Researchers have no idea who the founder was, but they can deduce from historical evidence when he or she lived. When Jews were permitted to return to Jerusalem after their captivity in Babylon, not all the exiles went home. The ones who stayed behind are the ancestors of Iraqi Jews, whose numbers are today much reduced but who for centuries constituted a venerable center of the faith. In addition to the Jews living in Mesopotamia and Jerusalem, satellite immigrant communities sprang up elsewhere in the Middle East. A decentralization of the gene pool had begun, and the distances between groups acted as barriers to the exchange of DNA, barriers that have persisted into the modern day. When scientists in Israel tested BRCA1 carriers from the dispersed Jewish populations, they discovered that all shared the same basic spelling in the genetic region of 185delAG. But some of the matches between Jewish groups were off by a letter or two, which indicated minor changes since the groups had split. Rolling back the demographic clock, the scientists inferred that its founder must have lived before the groups divided—that is, prior to the Babylonian watershed.

Given that the 185delAG mutation originated among Jews, scientists think that when the mutation shows up in another ethnic or racial group—like Shonnie Medina’s Hispanos—it is because a Jew or a descendant of a Jew has married in. Beyond the bounds of Jewry, sightings of 185delAG are few. There are scattershot reports in the medical literature of gentile carriers in Spain, Chile, Slovakia, the Netherlands, Pakistan, India, even Africa, but most of these areas have or used to have Jewish enclaves. There are many American carriers who are not Jewish, but these people, like the Medinas, very likely have at least some Jewish ancestry.

So the gene that had followed Shonnie from Palestine to the Iberian Peninsula, and then to Mexico after Jews were expelled from Spain, and then from Mexico up the winding aisle of the Rio Grande, caught up with her at last in the remote, mountain-rimmed San Luis Valley. In 1998, hospitalized and close to the end of her life, Shonnie was advised to have a BRCA test. Her parents, Joseph and Marianne, went into their depleted savings and paid $2,800 for the analysis, which was not covered by her insurance. “Hmm,” said the genetic counselor, “your daughter is a carrier of 185delAG . . . but that’s the Ashkenazi mutation.” This was before the mutation’s link to Spanish or Sephardic Jews was known.

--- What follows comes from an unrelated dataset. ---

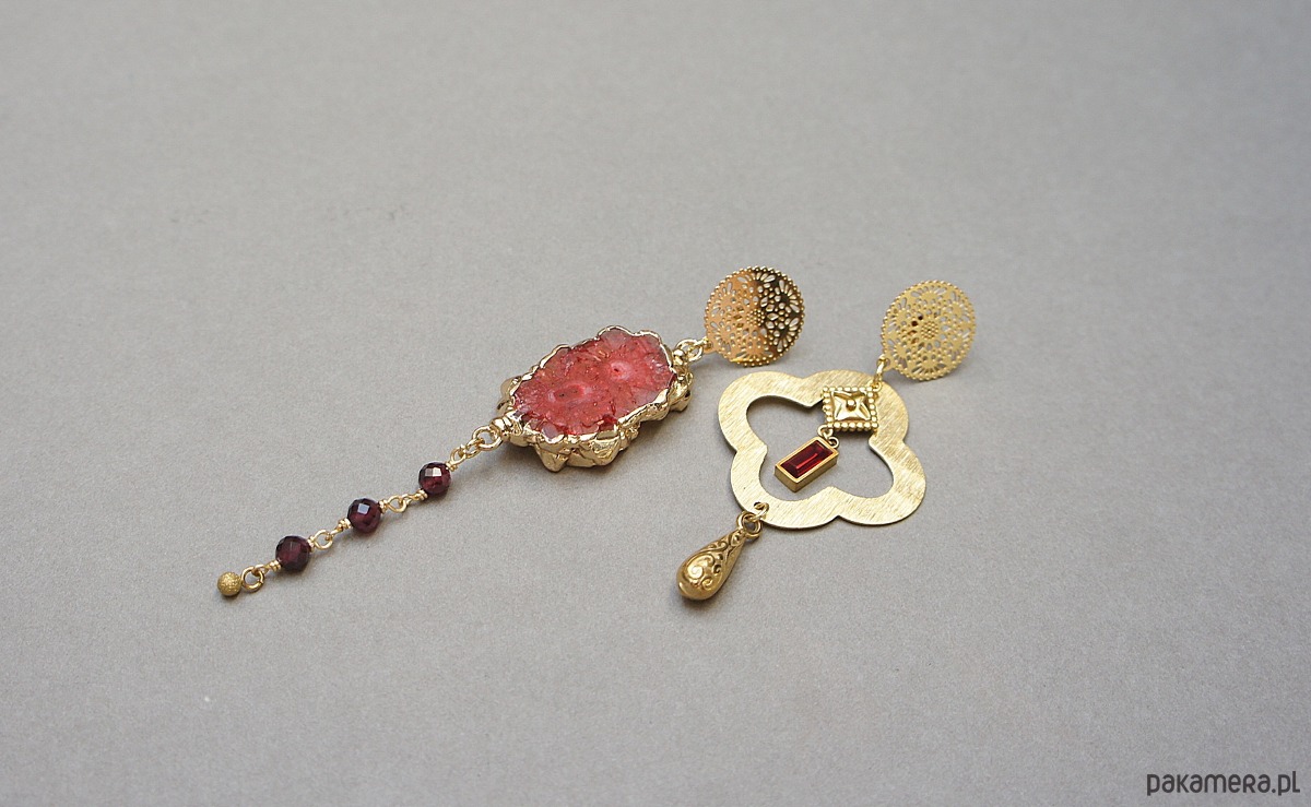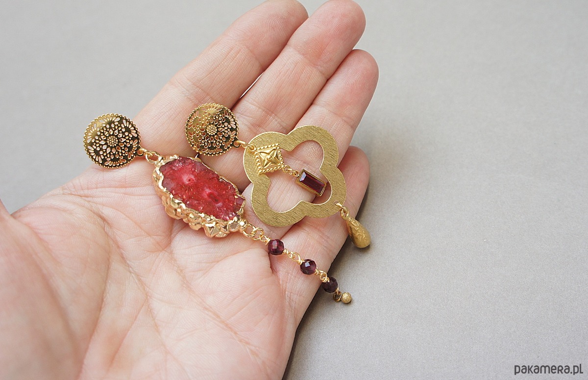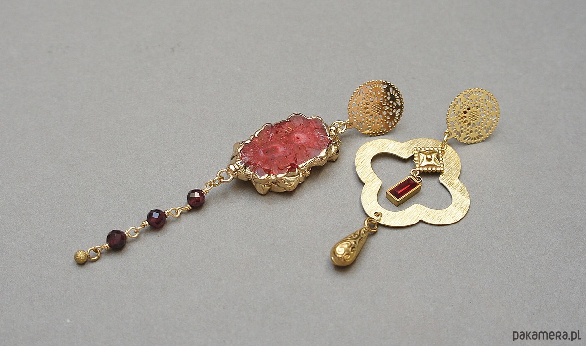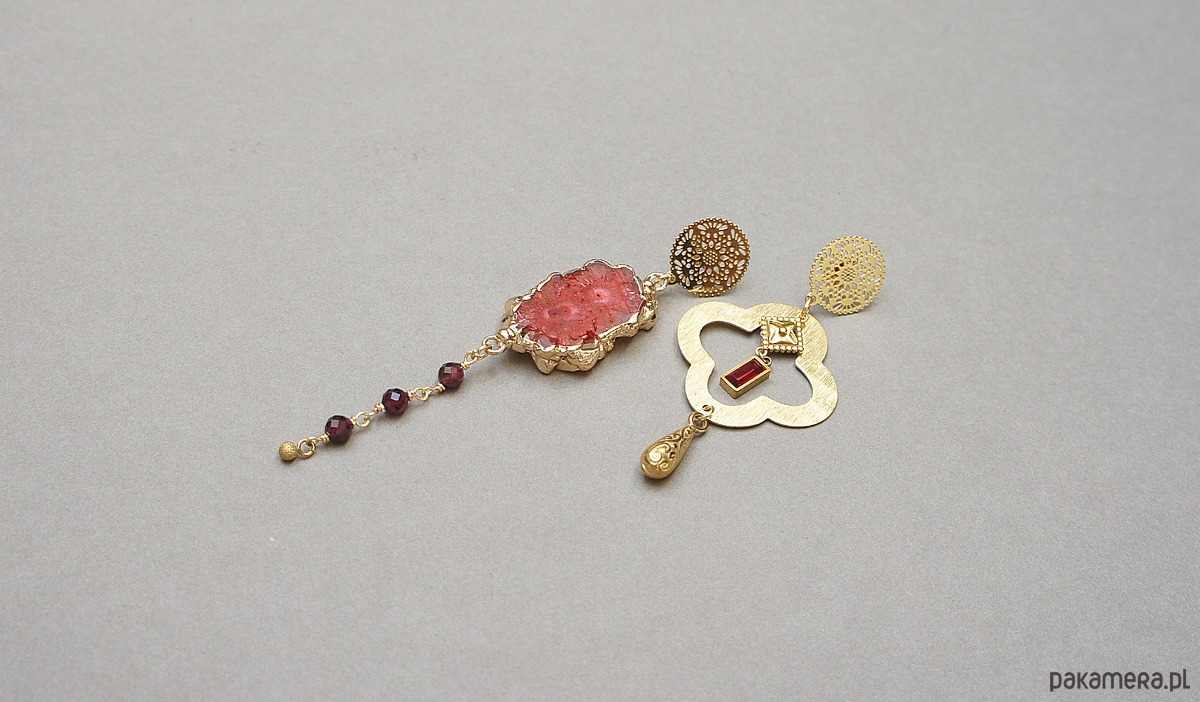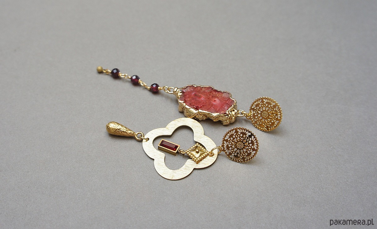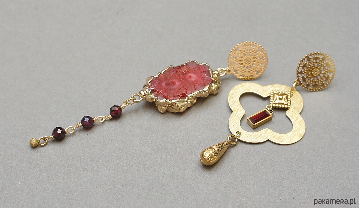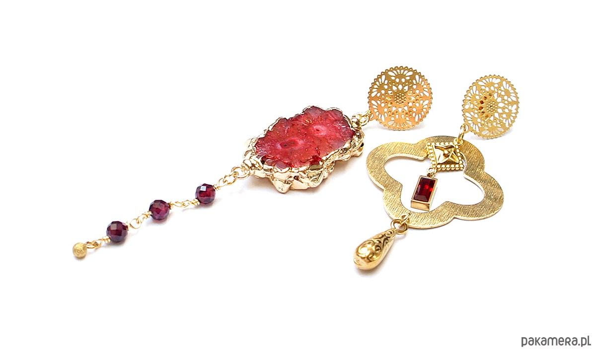 Asymetryczne kolczyki wykonane z pozłacanej stali szlachetnej, druzy agatu, fasetowanych kuleczek granatów [4mm], koniczynki marokańskiej z mosiądzu [30mm], zawieszki z cyrkonią w okuciu. Sztyfty ze stali szlachetnej. Długość kolczyków: ok.6,6cm i 9cm. Biżuteria ozdobnie zapakowana.

Given all that was going on with Shonnie, the Medinas put it out of their minds. The test was of no use to the patient anyway—it was a cancer alert to female relatives, but either the information wasn’t delivered properly to the family or else it didn’t sink in.

The Ashkenazim, who are originally from central and Eastern Europe, are the world’s most numerous population of Jews. Five and a half to six million Americans have Ashkenazi ancestry. Before they had to deal with heritable breast cancer and its lead agent, the BRCA1.185delAG mutation, a previous generation of Ashkenazim had confronted Tay-Sachs, another genetic disease. Tay-Sachs was (and is) a very grim neurological condition. Affected infants start life healthy but begin to lose muscular control at six months. Their heads loll helplessly and their vision dims; after a period of convulsions, they slide into coma and death.